- Brief -
Output the lines of the entries below beginning at the one with "Жіночі туфлі весільні" and ending with the last, exactly as written and without pictures.

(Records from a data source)
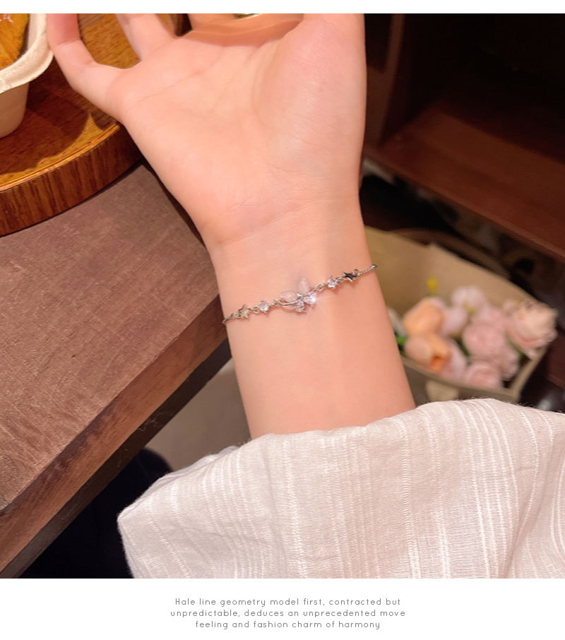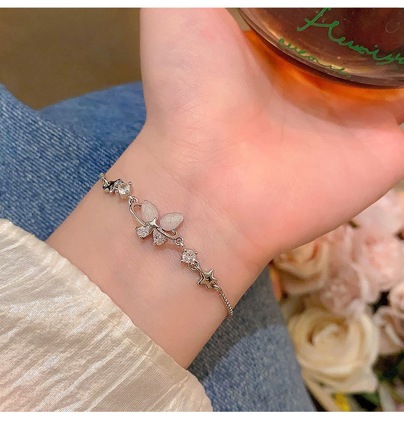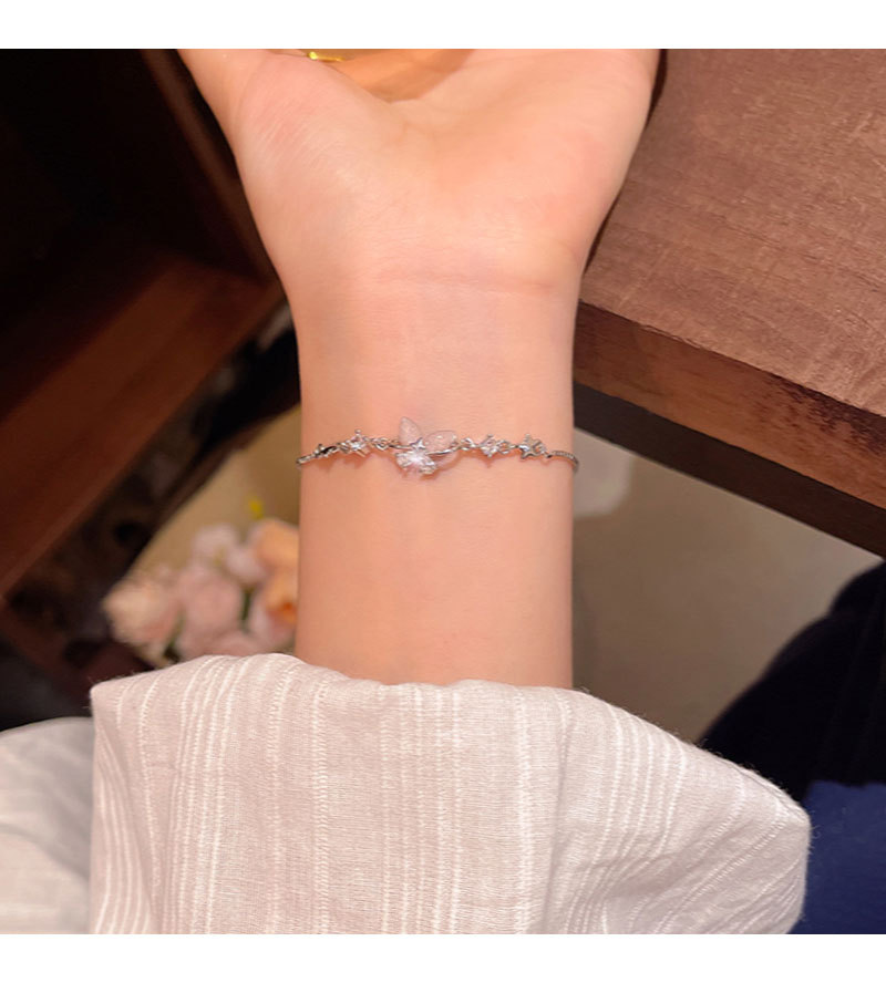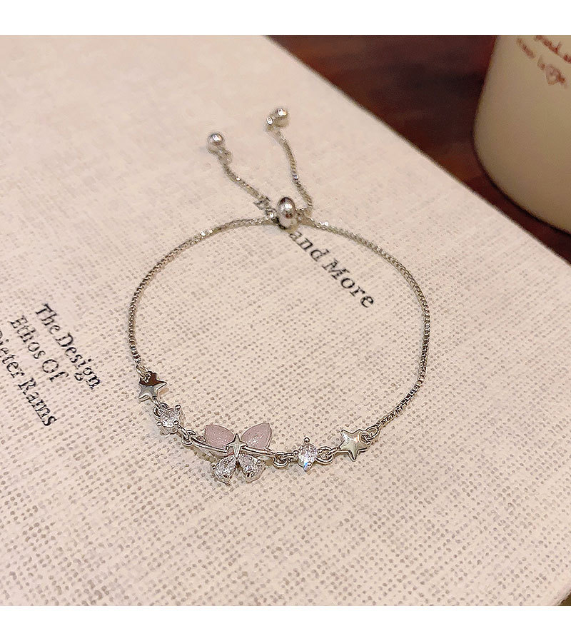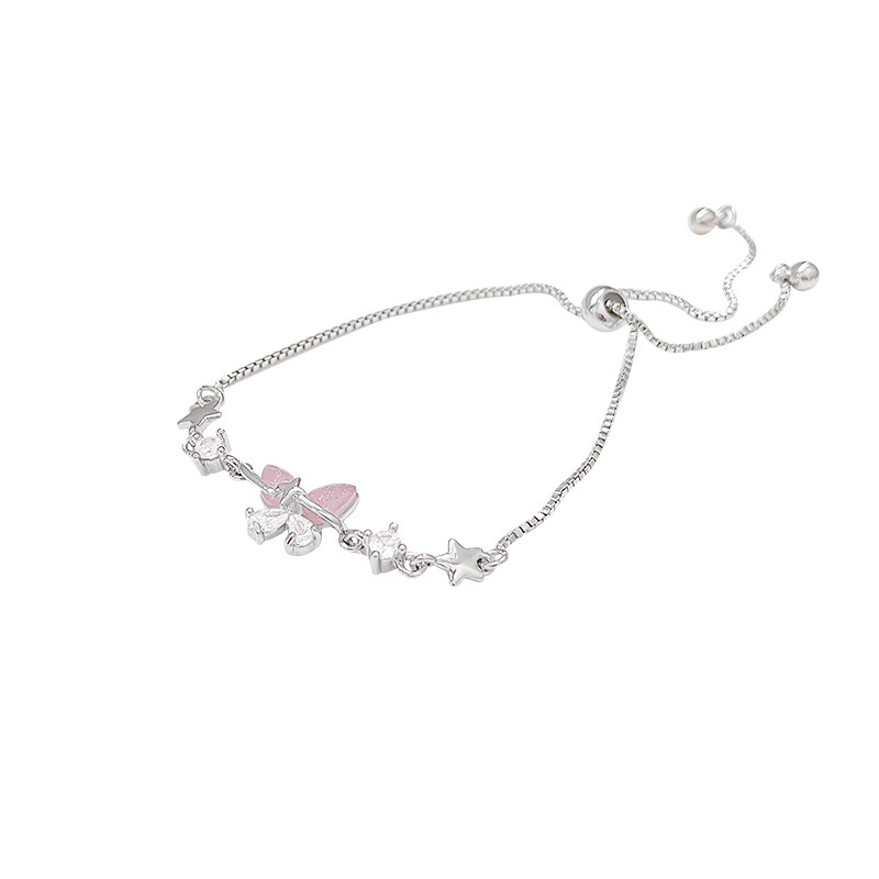 韩系精致锆石蝴蝶手链女生轻奢小众闺蜜学生手环抽拉式可调节手饰
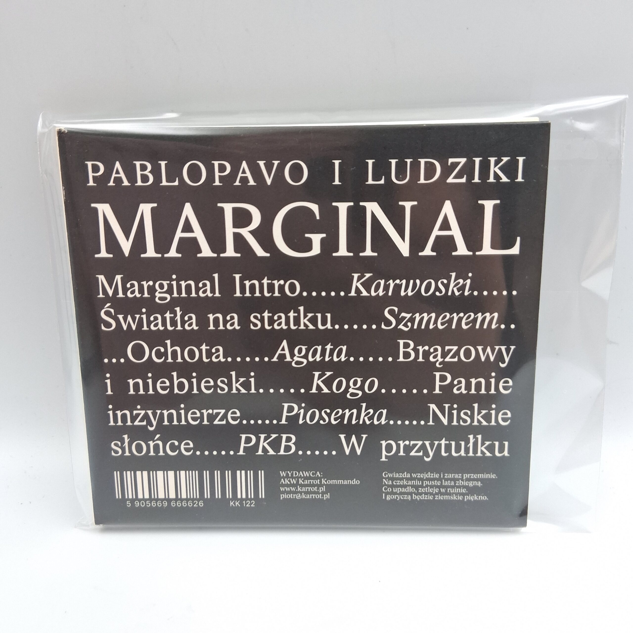 | Opis | Album muzyczny zespołu Pablopavo i Ludziki zawierający utwory takie jak 'Marginal Intro', 'Karwoski', 'Światła na statku', 'Szmerem', 'Ochota', 'Agata', 'Brązowy i niebieski', 'Kogo', 'Panie inżynierze', 'Piosenka', 'Niskie słońce', 'PKB', 'W przytulku'. |
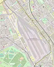 The Wien Nordwestbahnhof (English: Vienna Northwest Railway Station), abbreviated as Wien NWBH, is a goods station in transformation to a city development area in Brigittenau district of Vienna, Austria. Passenger transport ended in 1959. It serves as the southern terminus of the Austrian Northwestern Railway. The northwestern terminus of the line was Prague Těšnov station till 1972.[1] Freight transport is in the phase of termination. By 2025, a new district will be built on the site. An interim use phase will begin in 2018.
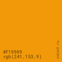 Цвет #F19909 в цветовой модели RGB обозначается тремя октетами (241, 153, 9) в десятичном формате и #F19909 в шестнадцатиричном (hex) формате, которые являются интенсивностью красного 241 (hex F1), интенсивность зелёного 153 (hex 99) и интенсивность синего 9 (hex 09).
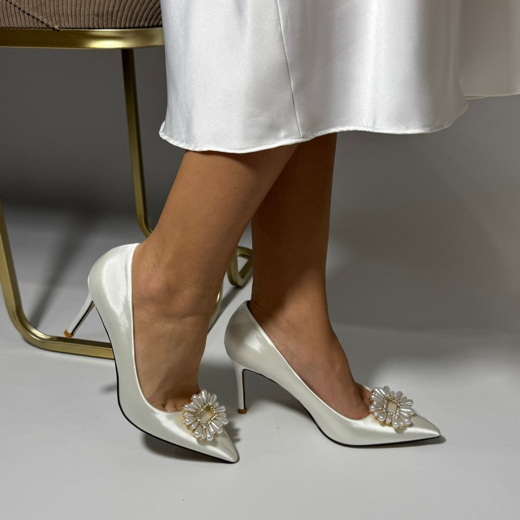 Жіночі туфлі весільні атласні закриті класичні 9 см ( колір айворі ), з брошкою на вибір золота або срібна
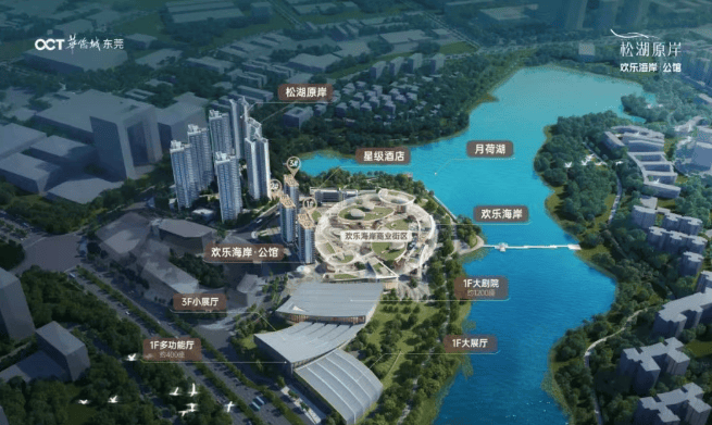基本信息:项目位于东莞松山湖 CBD 月荷湖旁,即松山湖北站附近。占地面积约 12 万㎡,总建筑面积约 25 万㎡,其中住宅约 13 万㎡,欢乐海岸约 7.6 万㎡,大剧院约 4.4 万㎡。绿化率 20%,容积率 1.0,楼栋总数为 3 栋,总户数 84 户,车位数 549 个。开发商为东莞松山湖华侨城投资开发有限公司。
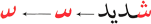 ) som är en förenklad form av bokstaven shīn (ش), hämtad från ordet shadid (شديد), som betyder "stark":
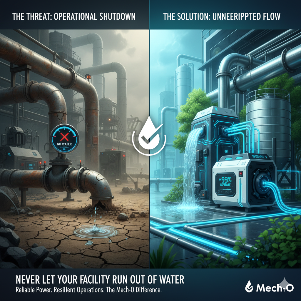 Don’t wait for your facility to run dry. Explore how Mech-O Generators can safeguard your water supply and ensure your operations never miss a beat.

- Result of the exercise -
 Жіночі туфлі весільні атласні закриті класичні 9 см ( колір айворі ), з брошкою на вибір золота або срібна
基本信息:项目位于东莞松山湖 CBD 月荷湖旁,即松山湖北站附近。占地面积约 12 万㎡,总建筑面积约 25 万㎡,其中住宅约 13 万㎡,欢乐海岸约 7.6 万㎡,大剧院约 4.4 万㎡。绿化率 20%,容积率 1.0,楼栋总数为 3 栋,总户数 84 户,车位数 549 个。开发商为东莞松山湖华侨城投资开发有限公司。
 ) som är en förenklad form av bokstaven shīn (ش), hämtad från ordet shadid (شديد), som betyder "stark":
 Don’t wait for your facility to run dry. Explore how Mech-O Generators can safeguard your water supply and ensure your operations never miss a beat.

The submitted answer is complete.